Appeals court rules largely for Minneapolis in developer's claim that rights were denied

  • Article by: STEVE BRANDT , Star Tribune
  • Updated: May 3, 2011 - 12:29 PM

Developer Brad Hoyt wins the right to have Minneapolis council to rehear his 21-story tower proposal.

The Minneapolis City Council acted arbitrarily and capriciously in how it denied a developer's proposal to erect a Loring Hill residential tower and must rehear the matter, an appeals court ruled Tuesday.

But the Minnesota Court of Appeals decision otherwise agreed with the city's arguments in the case, eliminating the chances that the city will pay millions of dollars in damages to developer Brad Hoyt, absent a further appeal.

Nevertheless, the decision poses a political embarrassment for Council Member Lisa Goodman, in whose ward Hoyt proposed his project. The three-judge panel agreed with a trial court that Goodman not only improperly showed a closed mind on the proposal but lobbied her colleagues against it.

The panel found that the council was within its legal right to deny a conditional-use permit and variances for the 21-story project because they fall within the council's discretion. But because the council gave weight to Goodman's advocacy against the project as the area's council member and relied on factors that it wasn't allowed to consider, the panel ordered the council to hear Hoyt's proposal again.

The court said that Hoyt's Continental Property Group isn't due attorney fees and out of pocket costs for wrongful denial of a land use permit, reversing the lower court ruling that he was due $523,000, or less than the $700,000 the city had sunk into fighting the case when the appeal was filed.

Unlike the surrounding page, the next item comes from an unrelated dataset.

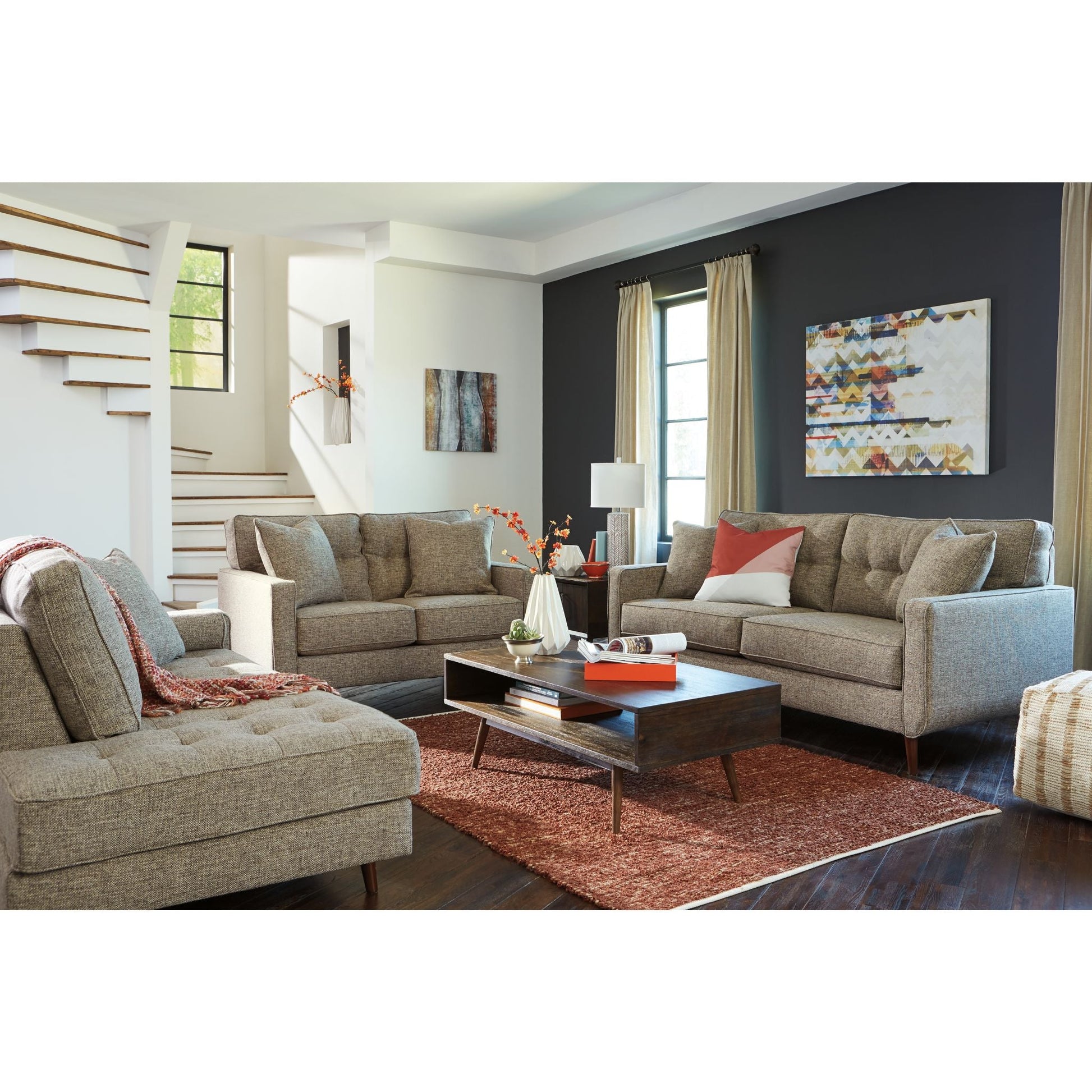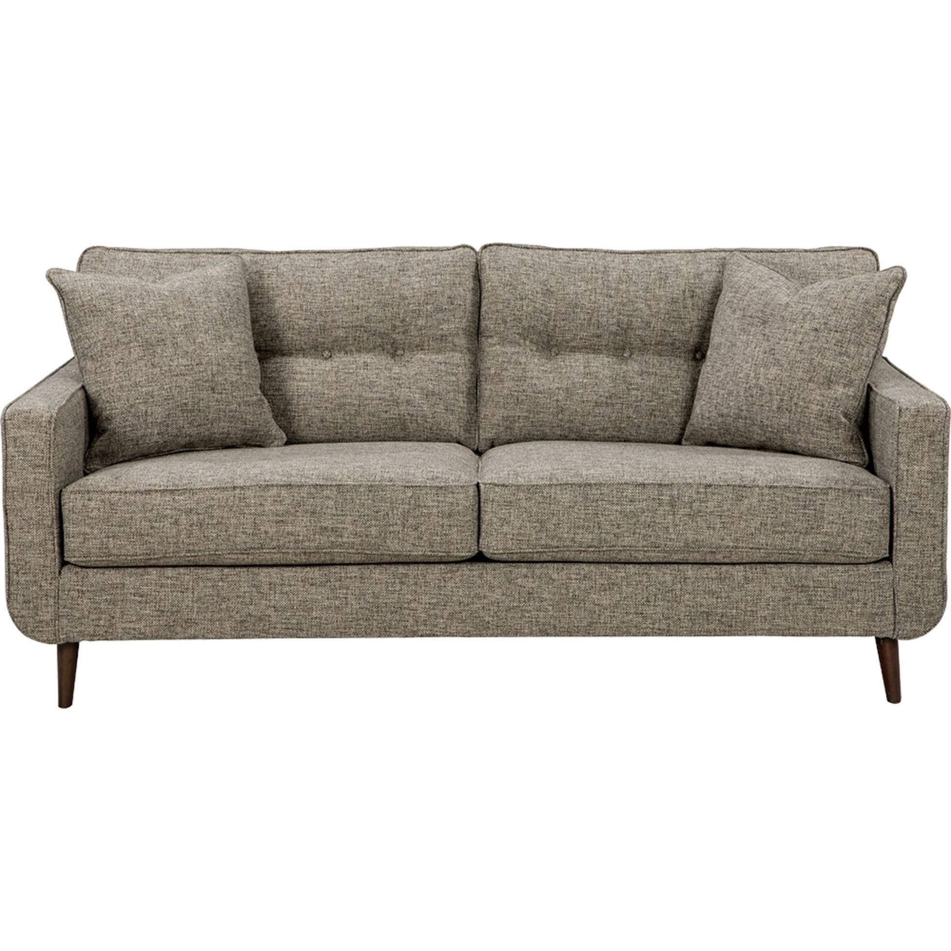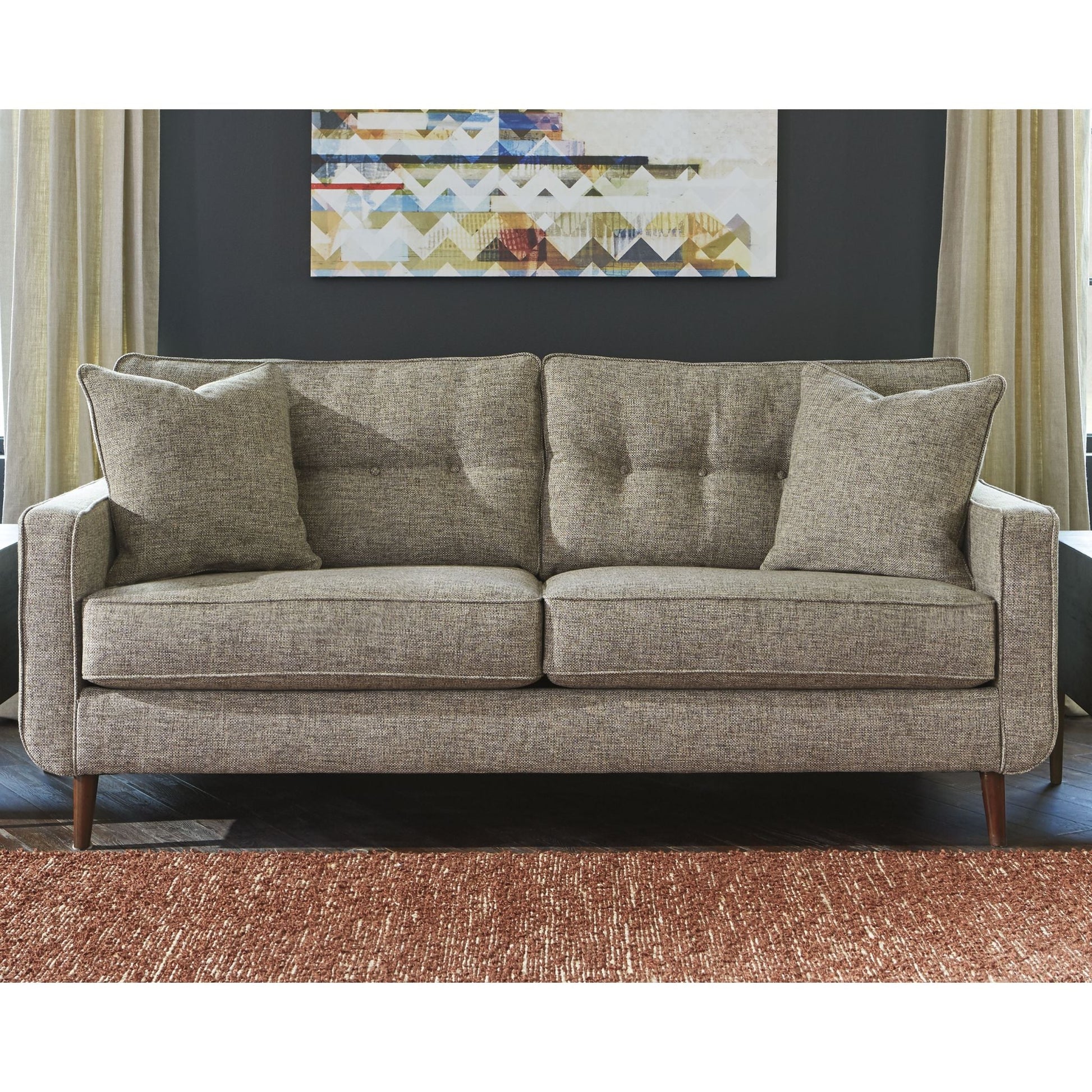 Laissez-vous séduire par le design du milieu du siècle avec ce canapé inspiré. Avec sa coupe impeccable et ajustée, son tissu d'inspiration masculine, son capitonnage subtil et ses pieds chevilles évasés, il incarne le style rétro-chic par excellence.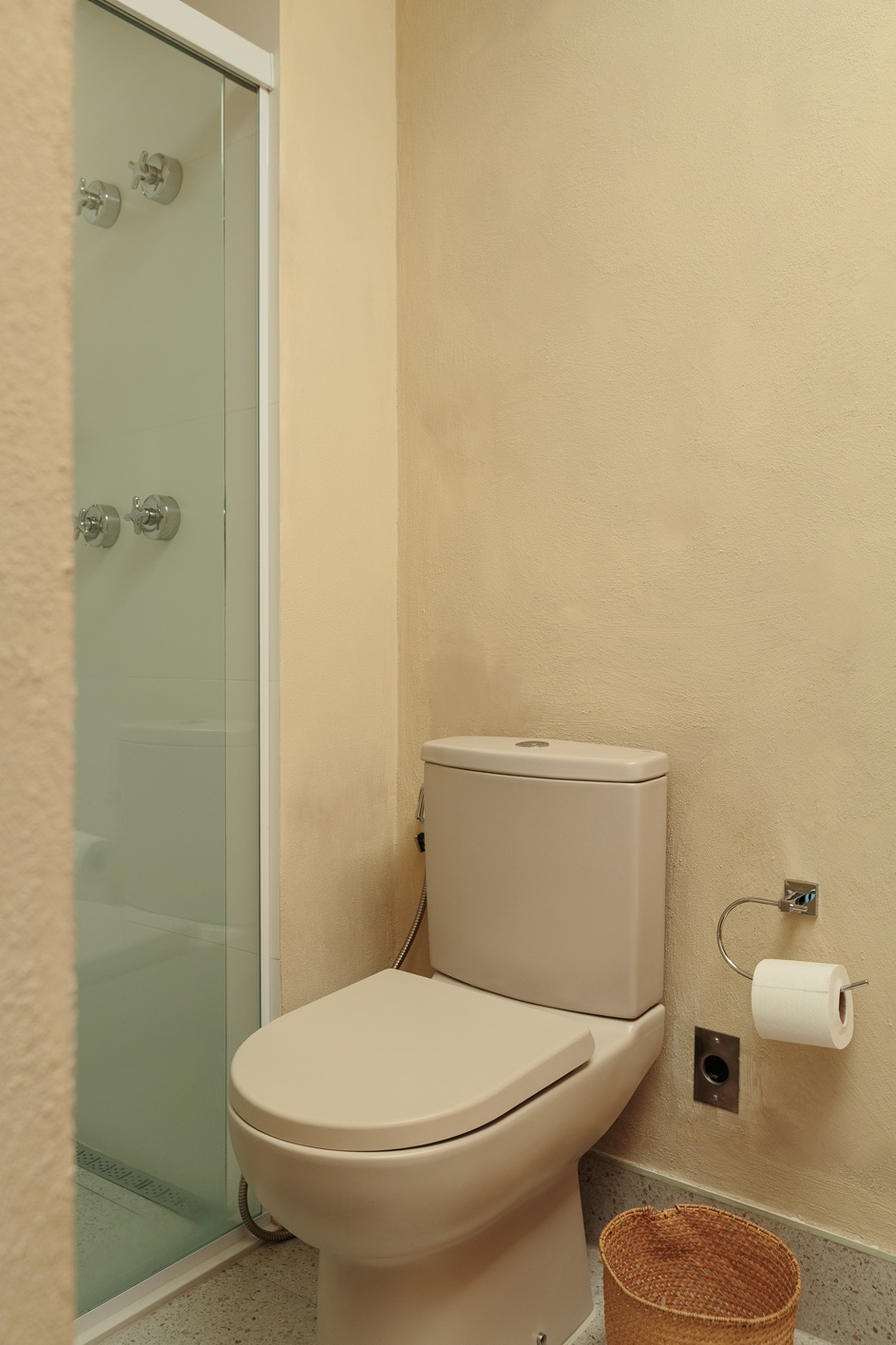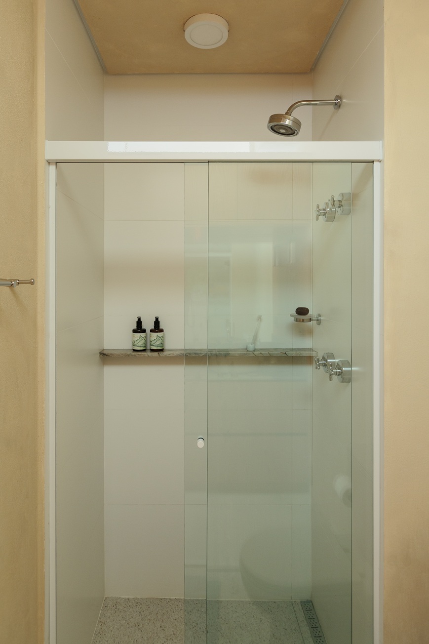No banheiro, a combinação da cuba de apoio Celite Slim na cor Beige, do monocomando Basic cromado e da bacia com caixa acoplada Smart cria uma estética clean, harmônica e acolhedora. O chuveiro Master Celite, com potência comparada à de hotéis, garante conforto diário. “Pensei em algo moderno, mas acabei escolhendo o clássico. O cromado encaixou perfeitamente com a pedra e os tons beges”, afirma.

But it upheld the lower court ruling by now-retired Hennepin County District Judge Stephen Aldrich that Hoyt wasn't due $11 million in lost profits he claimed.

The appeals panel found that the council wouldn't have been arbitrary in its quasi-judicial consideration of Hoyt's applications "had it not allowed a biased councilmember to participate in the decision." It rejected arguments by attorney William Skolnick that Hoyt's substantive and procedural due process and equal protection rights were denied.

Neither the city attorney's office, Goodman nor Skolick returned Star Tribune calls immediately.